Exercise 1: (Exception types)

Run the following sample code in MARS, then answer the questions below.

   .text
   .globl main  
main:
  li $t0, 2147483647   #
  li $t1, 5000
  add $a0, $t0, $t1    #

  li $v0, 10           # exit
  syscall

  1. What is the value (in hexadecimal) of the status register of coprocessor 0?

  2. What is the value (in hexadecimal) of the cause register of coprocessor 0?

  3. What type of exception occurred?

  4. At what address (in hexadecimal) did the exception occur?

Exercise 2 : (Interrupts)

Enabling interrupts on a MIPS processor is a two-step process:

  • Configure the device in question to send interrupt signals This usually requires setting an interrupt enable bit in a control register in the device.

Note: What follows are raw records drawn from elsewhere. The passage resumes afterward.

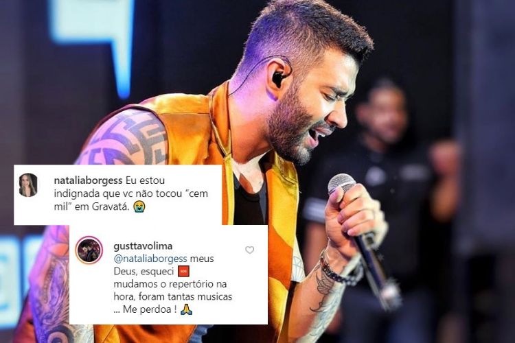 O motivo? Segundo a fã, o sertanejo não cantou uma de suas músicas preferidas no show: “Eu estou indignada que você não tocou “cem mil” em Gravatá”, disse ela. Após ver o comentário, Gusttavo Lima fez questão de responder e pedir desculpas para a admiradora.
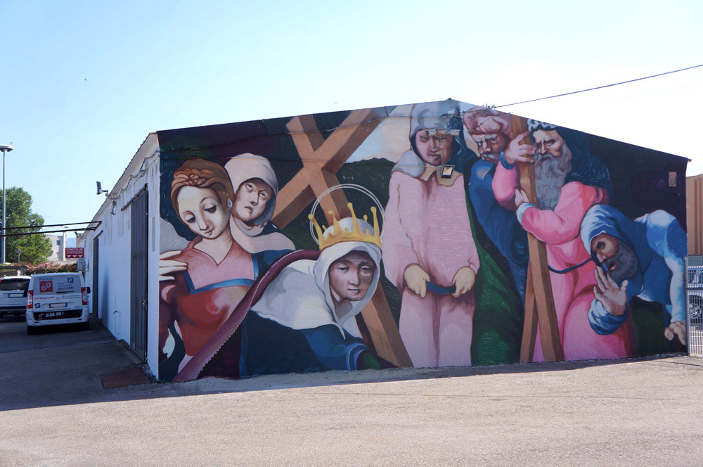 A nova obra-prima confirma a colaboração artística entre a ParkinGO, a artista Andrea Ravo Mattoni e a iniciativa ParkinGO Art Project. Após o incrível sucesso do trabalho de Caravaggio "Descanse em vôo para o Egito", reproduzido no estacionamento de Milão Malpensa, agora é a vez de uma nova obra de arte clássica: "A descoberta da verdadeira Cruz". O trabalho original foi feito no final do século 16 por um pintor da Sardenha, conhecido como Maestro di Ozieri, uma vez que sua verdadeira identidade permanece um mistério.
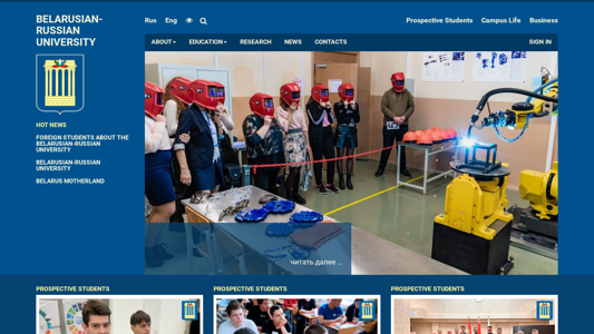 | AI-анализ | This website is the official English-language portal of the Belarusian-Russian University. It provides information on the university, its history, administration, faculties, and educational programs for prospective students. The university offers undergraduate, graduate, master's degree, and postgraduate programs in various fields, including engineering, economics, and construction. The website includes sections on admission procedure, cost of education, preparatory courses, and contacts. The university has faculties in mechanical engineering, construction, electrical engineering, automotive engineering, economics, correspondence education, and engineering and economics. The website is designed with a user-friendly interface and includes multimedia content, such as videos about the university. It is operated by the Belarusian-Russian University and is accessible to the public. |
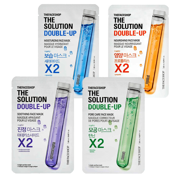 تتضمن المجموعة: ماسك الوجه المهدئ بمحلول المضاعف - 20 مل ماسك الوجه لعناية المسام بمحلول المضاعف - 20 مل ماسك الوجه مرطب ذا سلوشن - 20 مل ماسك للوجه مغذي ذا سولوشن - 20 مل
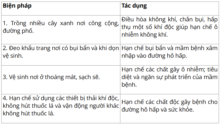 Câu hỏi 7 SGK Khoa học tự nhiên 8 Chân trời sáng tạo Bài 37 (trang 164): Xác định tác dụng của một số biện pháp phòng, chống ô nhiễm không khí cho đường hô hấp bằng cách hoàn thành bảng như mẫu bên.
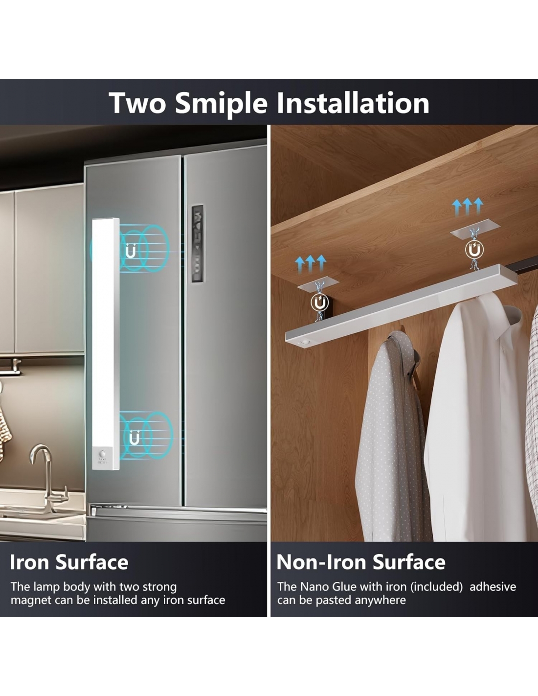 - ✨[2 Metodi di di installazione: il magnete incorporato, le luci per armadi possono essere collegate direttamente a qualsiasi superficie di ferro che si desidera. Con nastro magnetico adesivo 3M, si può anche installare su qualsiasi superficie. Inoltre, è possibile utilizzare le viti in dotazione per rafforzare il magnete adesivo 3M, senza preoccuparsi che cada. Consente di cambiare facilmente la posizione.
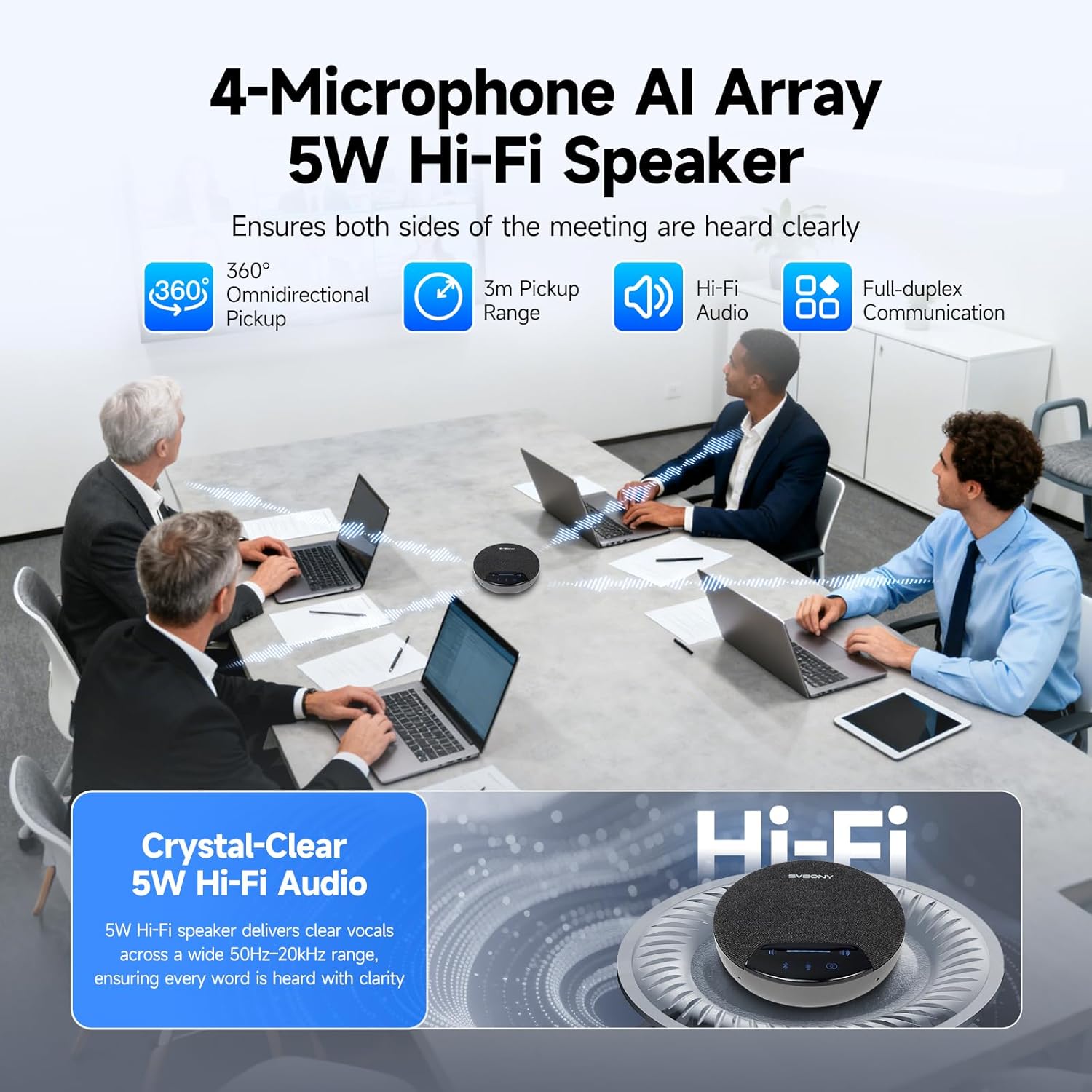 The 360° four-microphone array captures sound from every direction within a 3-meter radius, making it perfect for group discussions. No more repeating yourself or worrying about being unheard during meetings.
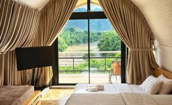 De locatie, gastvrijheid en accommodatie waren uitmuntend. Wij hadden met een gezin van 2 volwassenen en 2 kids en hadden 2 tenten met rivierzicht naast elkaar. Het uitzicht op de rivier was geweldig mooi. Ook het zwembad is heel mooi en fijn. Bij het resort is een restaurant voor ontbijt en diner. Vanuit het restaurant ook een heel mooi uitzicht over de rivier. Het eten is lekker met zowel keuze uit Thais als westers eten. Het allerbeste is de service van de lieve mensen van het resort!! Wij hadden zelf een auto en dat is wel een must. In de nabije omgeving alleen locale restaurants en 7-11 op 10 minuten rijden.
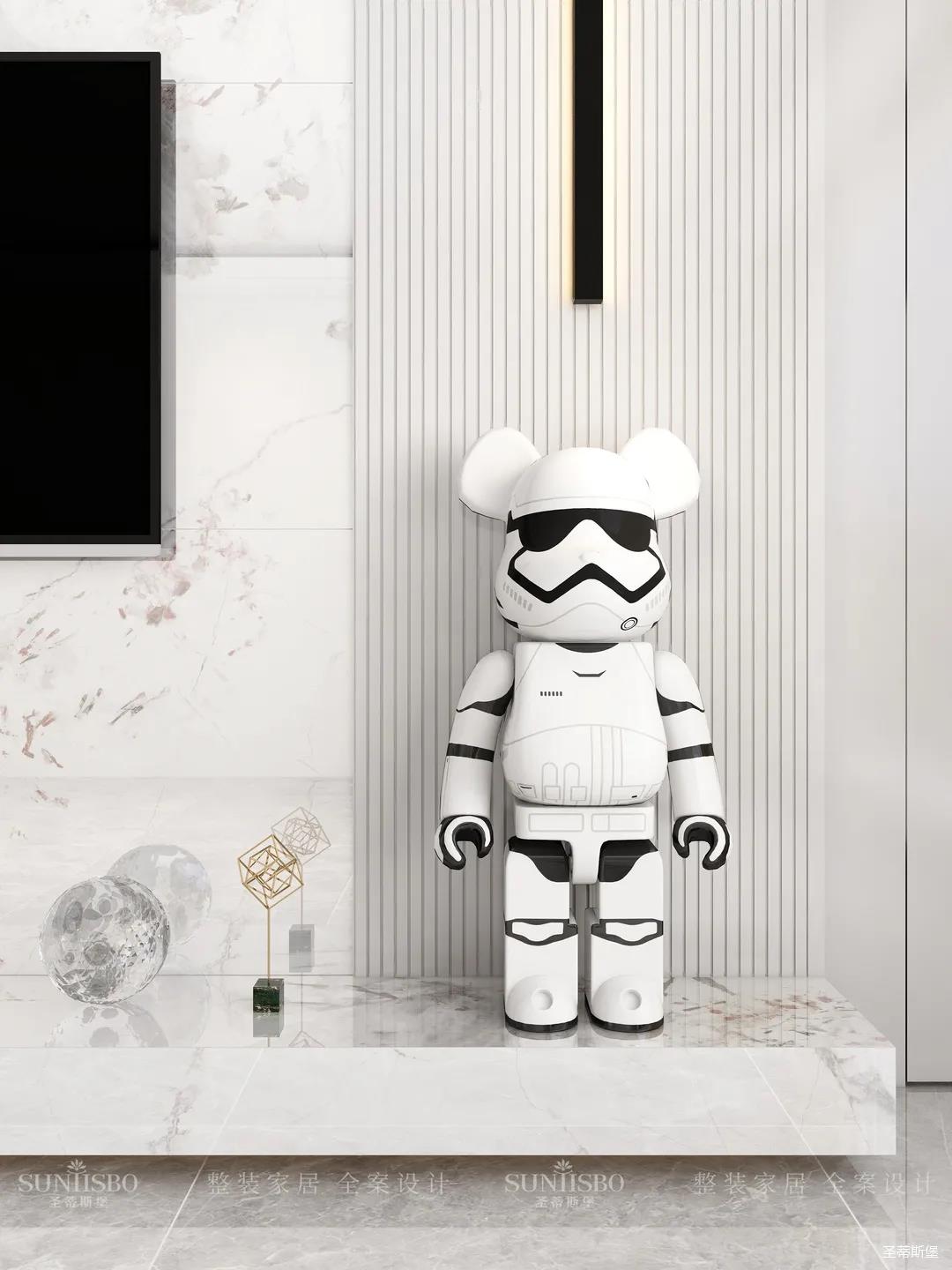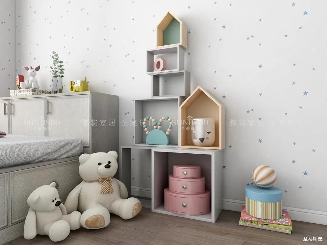 兒童房摒棄了傳統(tǒng)榻榻米的呆板與嚴(yán)肅,延續(xù)主臥輕奢雅致的空間氛圍,以木質(zhì)為主材質(zhì),利用面板的線條帶來視覺上的延伸,將童趣與理性相融表現(xiàn)兒童應(yīng)有的學(xué)習(xí)氛圍與生活習(xí)慣。開放式展示區(qū)應(yīng)用藍(lán)色點綴,再次強(qiáng)化了空間專屬兒童的活躍格調(diào),也呈現(xiàn)了設(shè)計師在材質(zhì)與色彩運用上的精細(xì)與專業(yè)。

  • Configure coprocessor 0 to accept interrupt signals This is done by setting bit 0 of the status register ($12) to enable interrupts globally, and then setting specific bits in the status register to enable specific interrupts. Bits 8 through 15 of the status register allow for 8 different levels of interrupts. For example, bits 3 and 4 of the mask (bits 11 and 12 of the status register) enable keyboard and display interrupts, respectively.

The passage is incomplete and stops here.